SINGAPORE (Aug 6): Some 342,000 tonnes of food loss occurs within Singapore each year – even before reaching retail and consumers – translating to an estimated $2.54 billion lost from farm to market.

According to a joint study unveiled today by the Singapore Environment Council (SEC) and Deloitte Singapore, this refers to food loss occurring along the upstream and midstream segments of the fresh food supply chain between producer and the market, from the production stage, to transport, processing, storage and distribution.

Importing 2 million tonnes of food each year, more than 144,000 tonnes is lost when the imported food lands in Singapore.

There is also a food loss of close to 75,000 tonnes during the processing and packaging of imported and locally produced food items, and food loss of more than 116,000 tonnes during distribution.

For the locally produced food within Singapore, more than 5,000 tonnes of food is lost at production, and close to 2,000 tonnes of food is lost during post-harvest handling and storage.

Vegetables and fruits account for close to half of the food loss incurred within Singapore, with some 167,000 tonnes lost each year.

Some of the key drivers of food loss identified in the study are poor disease and pest management, over importation of food items, fragmented cold chain management, and inadequate infrastructure.

In addition, food waste further downstream, comprising unconsumed and uncooked food discarded by consumers, amounted to some $342 million each year.

According to the study, close to one-third of respondents say they throw away more than 10% of food weekly.

The research showed that, at the consumer stage, more than 26,000 tonnes of unconsumed foods are thrown away from households annually due to improper storage, purchasing patterns and food handling habits.

Interestingly, the study also found that some 80% of respondents do not fully understand the difference between the various labels used on product packaging, such as “use-by”, “best-before” and “date of expiry”.

“In Singapore, food waste is largely monitored at the post-consumer or downstream stage, with little awareness of the losses occurring at the upstream and midstream stages,” says SEC chairman Isabella Huang-Loh. “When taken together – especially given the fact that Singapore imports more than 90% of its food needs – the bigger picture points to an urgent need to address food loss and food waste now.”

Huang-Loh says the study is aligned with and in support of the national “Year towards Zero Waste” agenda, and “30 by 30” goal to produce 30% of Singapore’s nutritional needs locally by 2030.

It included comprehensive interviews with more than 30 key stakeholders in the local food supply chain as well as a consumer survey on food storage behaviour, purchasing patterns and food handling habits covering more than 1,000 respondents.

“Food loss and food waste is preventable.
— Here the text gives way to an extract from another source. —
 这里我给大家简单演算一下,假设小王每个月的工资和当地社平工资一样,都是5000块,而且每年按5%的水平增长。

This is unsustainable if we are to do nothing to curb and manage the issue. We want our study to create value and wider conversations among multiple stakeholders on food loss and food waste to throw up possible solutions,” says SEC executive director Jen Teo. “For example, local farmers may want to utilise more innovative ways like the application of technology to reduce food loss.”
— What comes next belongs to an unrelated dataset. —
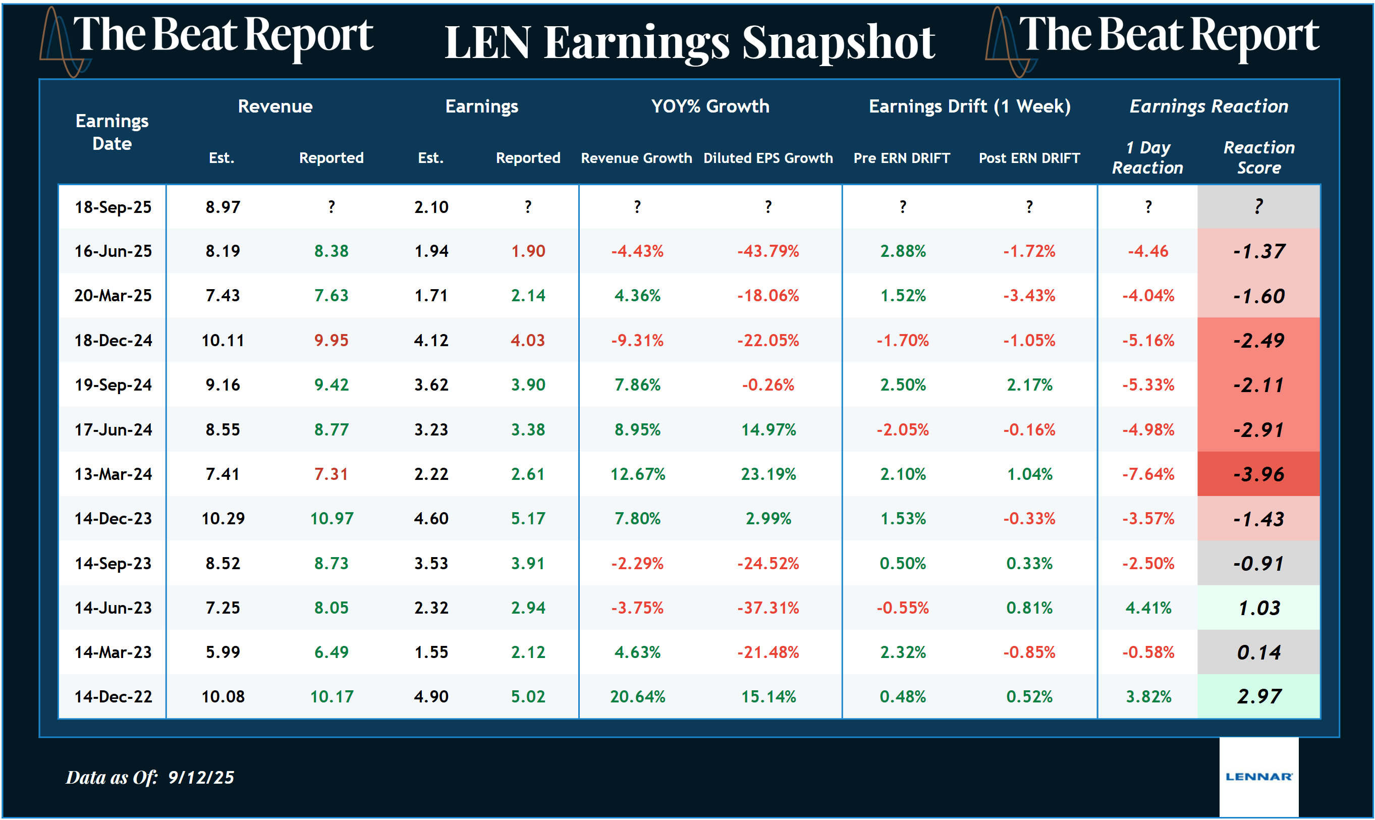 Over the past three years, Lennar has been at the top of the leaderboard for worst post-earnings mover. The market has slammed the stock after eight consecutive earnings reports.

SEC points to egg producers in Singapore as a role model with a high level of efficiency that other local farmers can emulate.
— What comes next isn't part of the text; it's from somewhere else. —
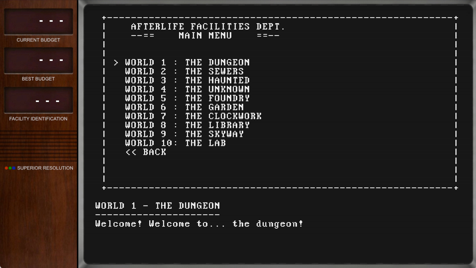 Afterlife Facilities Department (AFD) is a platformer that fits entirely on one screen. Every level is a compact playground of teleporters, quirky machines, and just enough hazards to keep your reflexes sharp—but not your blood pressure.

Through the use of measures such as automation, and the application of science and technology in disease management, SEC says egg farms in Singapore have been able to maximise output while ensuring minimal loss during production.

The study identified the eggs supply chain as the best example with the least amount of waste generated. Eggs accounted for only 1.6% of food loss incurred with Singapore each year, at about 5,500 tonnes.

“Similarly, a greater awareness of the impact of food waste on the environment could give rise to a growing pool of smart and efficient consumers who don’t discard food unnecessarily,” Teo adds.